Hello --
I've begun pre-processing of my paired-end RNA seq data (run on Illumina HiSeq).
After running fastqc on my samples, I noticed some have overrepresented sequences corresponding to adaptors.
I've been trying to use Trimmomatic to remove the adaptors, however, after Trimming I get MORE over represented reads than I do before trimming! I'm not sure what's going on.
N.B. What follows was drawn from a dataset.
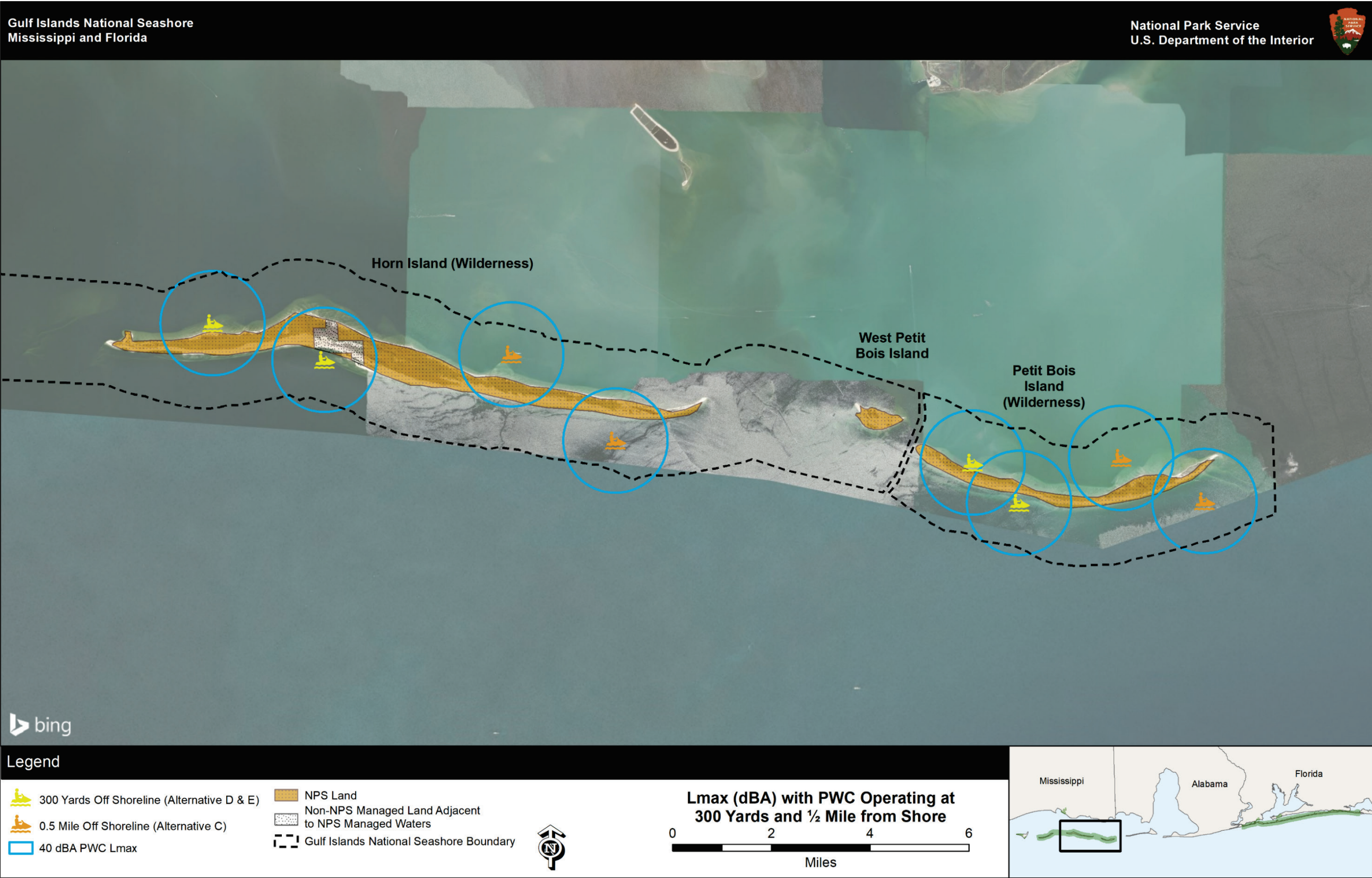
FIGURE D-40. L MAX (dBA) WITH PERSONAL WATERCRAFT OPERATING AT 300 YARDS AND 0.5 MILE FROM HORN AND PETIT BOIS ISLANDS

For instance, in my unprocessed read, I'll have a single overpresented sequence corresponding to adapter index 1. Once trimmed and processed by trimmomatic, I'll have 25 overrepresented sequences, all corresponding to different variants of the adapter index 1 sequence.
Here is my command line:
Code:
TrimmomaticPE -phred33 /R1_001.fastq.gz /R2_001.fastq.gz /R1_pairedout /R1_unpairedout /R2_pairedout /R2_unpairedout ILLUMINACLIP:/TruSeq3-PE.fa:2:30:10 LEADING:5 TRAILING:5 AVGQUAL:20
Any idea what I'm doing wrong? The same thing occurs even if I leave out the ILLUMINACLIP line.
Hello samantha_jeschonek!
It appears that your post has been cross-posted to another site: http://seqanswers.com/forums/showthread.php?t=44949
This is typically not recommended as it runs the risk of annoying people in both communities.
woops, not sure how to delete post so it isn't posted in both places!